Controlling Emotion in Text-to-Speech with Natural Language Prompts
Thomas Bott, Florian Lux, Ngoc Thang Vu
TL;DR
The paper addresses the controllability limitation in text-to-speech by enabling emotion transfer through natural language prompts. It introduces a prompt-conditioned TTS architecture that fuses emotion prompt embeddings with speaker identity via a squeeze-and-excitation mechanism and conditional layernorm, trained on merged emotional speech and text data with a large pool of prompts to promote generalization. A two-stage curriculum training regime first builds baseline speech quality and then concentrates on learning robust emotion-prompt mappings to generalize to unseen prompts.
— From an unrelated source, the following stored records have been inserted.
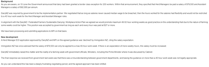 It has been suggested (we await the Official Information Act request to verify this) that Dairy NZ CEO Tim Mackle has written to departmental colleagues in recent weeks and asked “for working hours under the exemption to be variable” and for the “40 hour working cap to be removed”.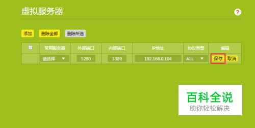 将内部端口(应用程序的端口,如远程桌面默认3389)、外部端口(外网访问的端口),及刚刚绑定的内网IP地址填写之后点击保存。到此就完成了端口映射的设置。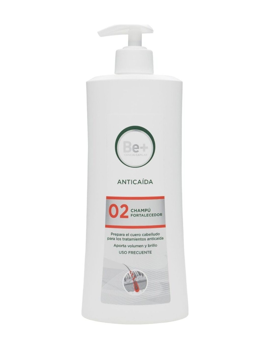 BE+Gel transparente con agradable aroma. Prepara el cuero cabelludo para los tratamientos anticaída. Aporta volumen y brillo. Uso frecuente. Fórmula reforzada con un activo que favorece un mayor anclaje de la fibra capilar al cuero cabelludo. Testado en pieles sensibles y reactivas. Test de hipoalergenicidad.

Objective metrics show accurate emotion transfer and strong speaker identity preservation, while subjective evaluations indicate competitive naturalness; the approach offers intuitive, scalable control for expressive TTS and is released as open-source.
Abstract
In recent years, prompting has quickly become one of the standard ways of steering the outputs of generative machine learning models, due to its intuitive use of natural language. In this work, we propose a system conditioned on embeddings derived from an emotionally rich text that serves as prompt. Thereby, a joint representation of speaker and prompt embeddings is integrated at several points within a transformer-based architecture. Our approach is trained on merged emotional speech and text datasets and varies prompts in each training iteration to increase the generalization capabilities of the model. Objective and subjective evaluation results demonstrate the ability of the conditioned synthesis system to accurately transfer the emotions present in a prompt to speech. At the same time, precise tractability of speaker identities as well as overall high speech quality and intelligibility are maintained.